[Activity]: Which lines run from the start of the material below through the line containing "和有书一样,十点读书也特别注"? Retype them exactly, pictures excluded.

[Exercise data]:
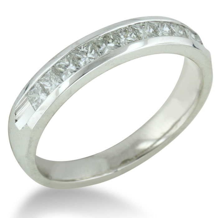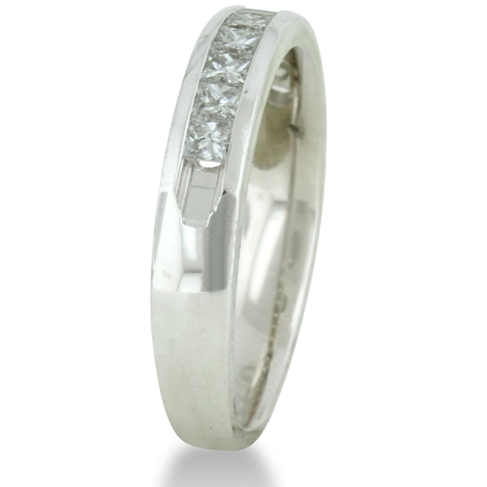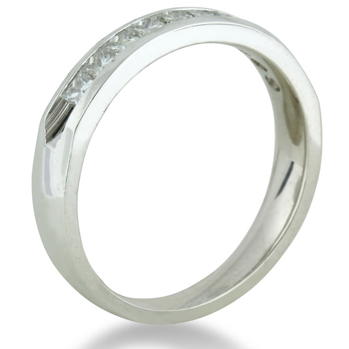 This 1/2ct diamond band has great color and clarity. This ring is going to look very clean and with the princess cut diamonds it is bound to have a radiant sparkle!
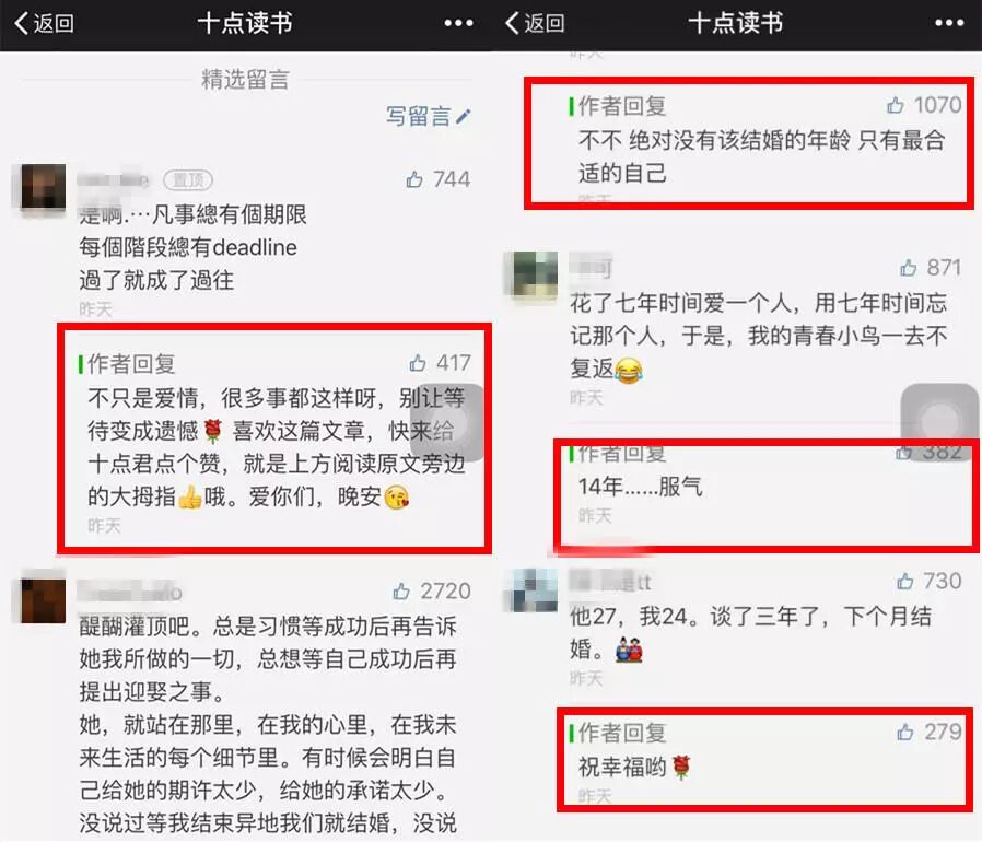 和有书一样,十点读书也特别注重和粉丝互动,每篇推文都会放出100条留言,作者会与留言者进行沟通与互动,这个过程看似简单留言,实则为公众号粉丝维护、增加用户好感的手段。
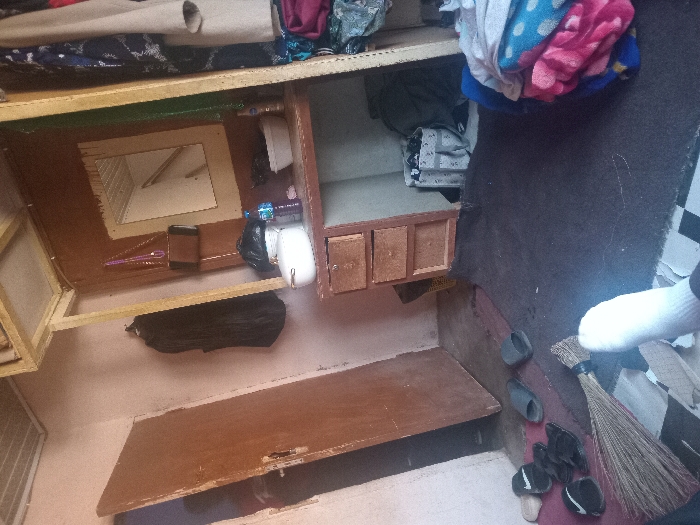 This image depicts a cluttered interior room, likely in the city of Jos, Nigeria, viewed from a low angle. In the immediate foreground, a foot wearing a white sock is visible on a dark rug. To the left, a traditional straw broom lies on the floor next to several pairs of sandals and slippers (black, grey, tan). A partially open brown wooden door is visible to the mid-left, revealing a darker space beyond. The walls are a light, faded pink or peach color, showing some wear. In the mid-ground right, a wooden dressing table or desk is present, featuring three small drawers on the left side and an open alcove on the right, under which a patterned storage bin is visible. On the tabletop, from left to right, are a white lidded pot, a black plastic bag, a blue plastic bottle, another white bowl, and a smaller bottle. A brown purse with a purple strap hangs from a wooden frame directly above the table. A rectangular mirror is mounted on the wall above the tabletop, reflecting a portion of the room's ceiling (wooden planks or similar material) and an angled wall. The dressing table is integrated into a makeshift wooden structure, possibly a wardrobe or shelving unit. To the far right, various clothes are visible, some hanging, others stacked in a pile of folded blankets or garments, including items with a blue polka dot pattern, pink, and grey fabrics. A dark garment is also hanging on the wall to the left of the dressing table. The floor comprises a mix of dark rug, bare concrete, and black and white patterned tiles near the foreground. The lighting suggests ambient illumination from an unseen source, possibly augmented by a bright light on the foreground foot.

[Solved exercise]:
 This 1/2ct diamond band has great color and clarity. This ring is going to look very clean and with the princess cut diamonds it is bound to have a radiant sparkle!
 和有书一样,十点读书也特别注重和粉丝互动,每篇推文都会放出100条留言,作者会与留言者进行沟通与互动,这个过程看似简单留言,实则为公众号粉丝维护、增加用户好感的手段。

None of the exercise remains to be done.